**TASK INSTRUCTIONS**
Leave out the pictures and output exactly the lines below from the one with "3月1日,在新疆阿克苏地区柯坪县盖孜力克镇良种场村捐赠现场" down to the one with "в Красноярске купить", both of them included.

**DATA SECTION**
************
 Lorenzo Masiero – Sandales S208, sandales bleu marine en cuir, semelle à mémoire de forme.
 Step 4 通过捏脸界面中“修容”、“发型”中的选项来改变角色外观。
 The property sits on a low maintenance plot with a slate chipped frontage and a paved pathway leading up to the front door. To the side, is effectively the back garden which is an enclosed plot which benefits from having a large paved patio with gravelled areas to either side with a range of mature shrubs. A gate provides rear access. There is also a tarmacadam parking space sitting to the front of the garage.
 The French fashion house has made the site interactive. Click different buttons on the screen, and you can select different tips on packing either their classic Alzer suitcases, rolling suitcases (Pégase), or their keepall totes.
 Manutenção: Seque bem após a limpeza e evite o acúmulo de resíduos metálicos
************
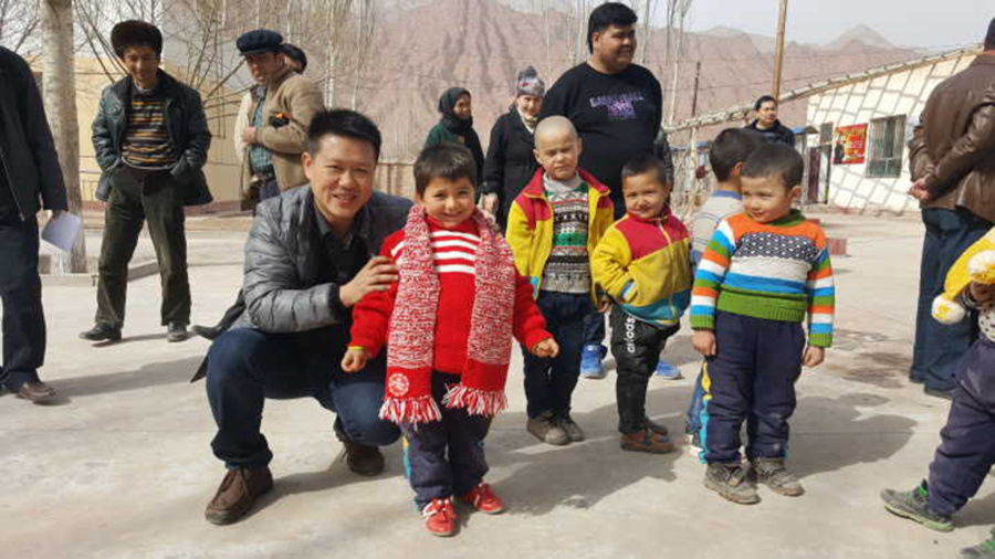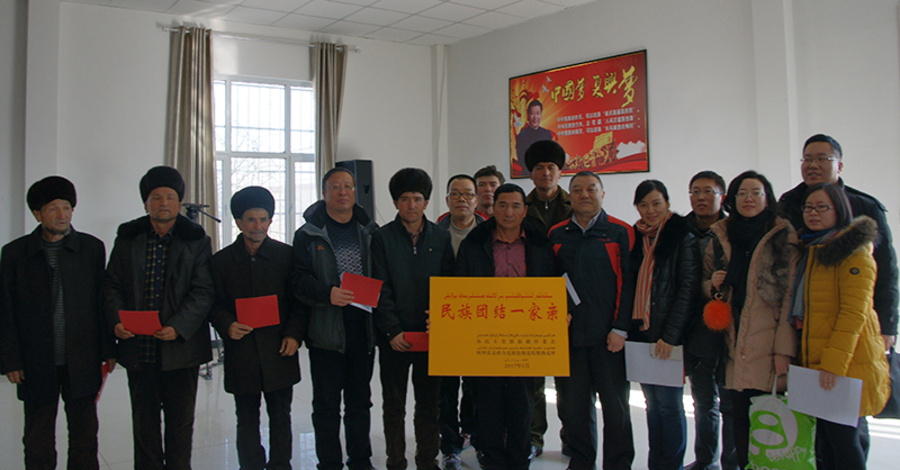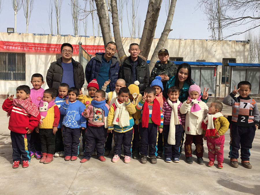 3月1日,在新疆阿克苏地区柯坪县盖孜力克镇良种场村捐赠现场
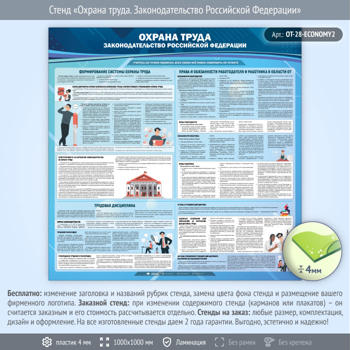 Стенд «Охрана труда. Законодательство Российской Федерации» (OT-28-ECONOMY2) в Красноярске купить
************
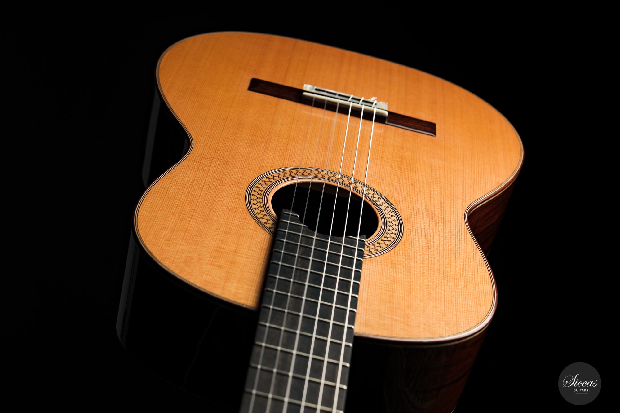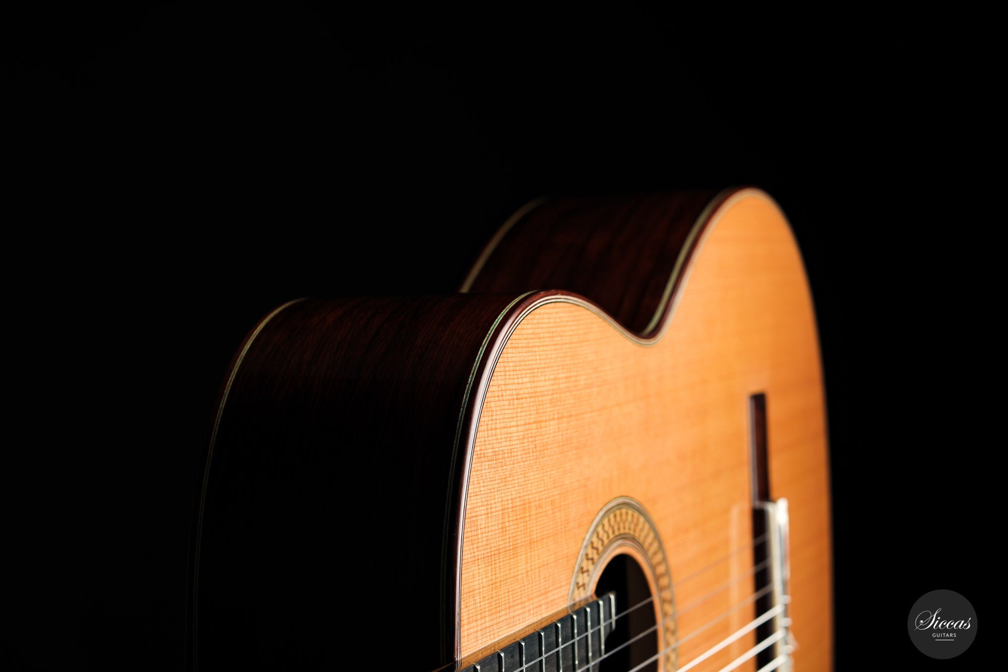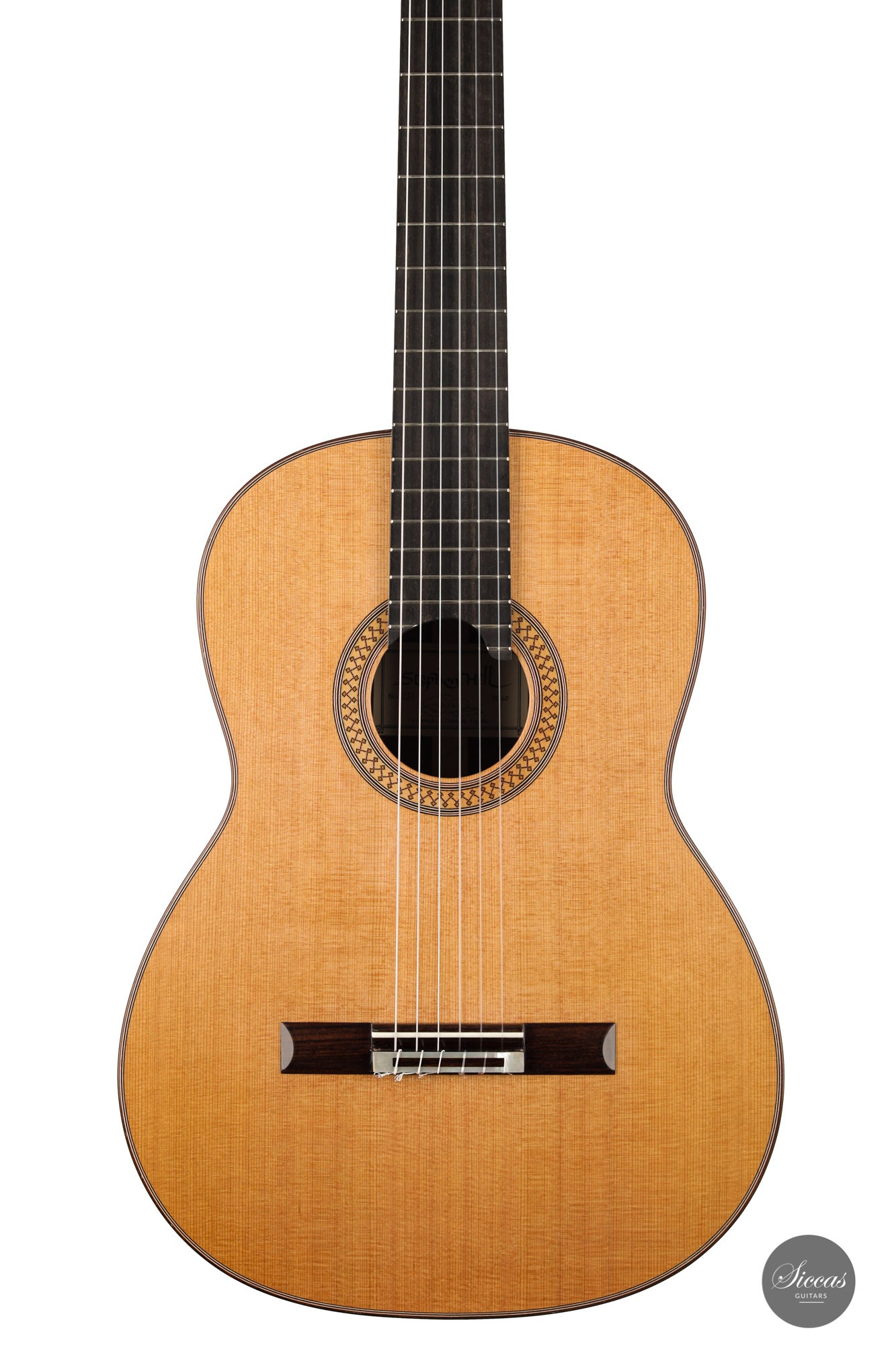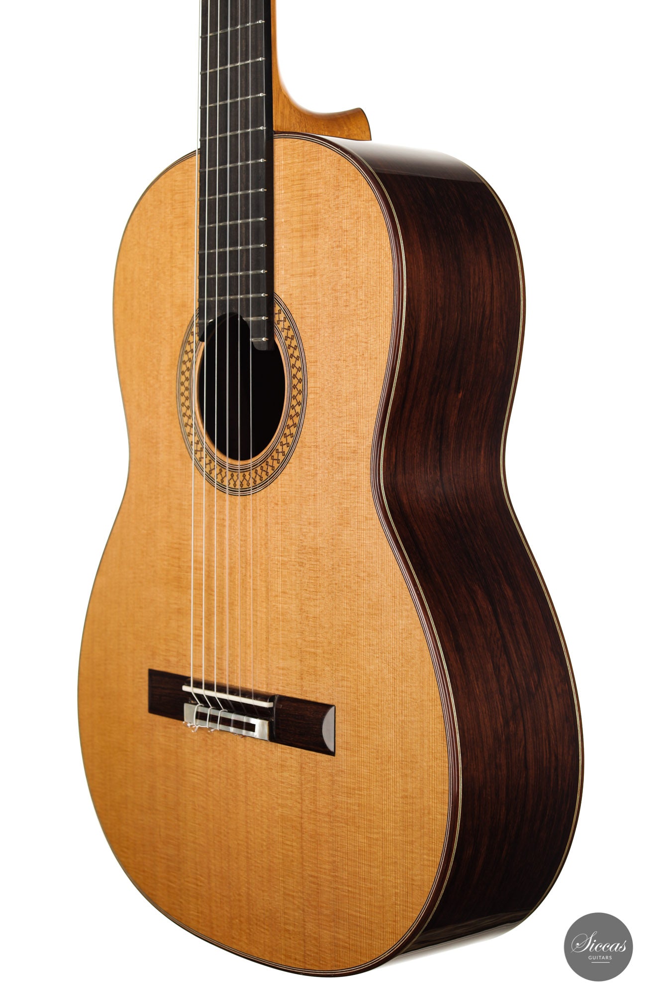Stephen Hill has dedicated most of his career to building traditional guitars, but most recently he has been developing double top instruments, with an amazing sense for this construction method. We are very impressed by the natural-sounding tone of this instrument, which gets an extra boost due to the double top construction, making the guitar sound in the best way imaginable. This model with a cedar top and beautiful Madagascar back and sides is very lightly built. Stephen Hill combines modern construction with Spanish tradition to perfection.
************
**RESULT OF THIS TASK**
 3月1日,在新疆阿克苏地区柯坪县盖孜力克镇良种场村捐赠现场
 Стенд «Охрана труда. Законодательство Российской Федерации» (OT-28-ECONOMY2) в Красноярске купить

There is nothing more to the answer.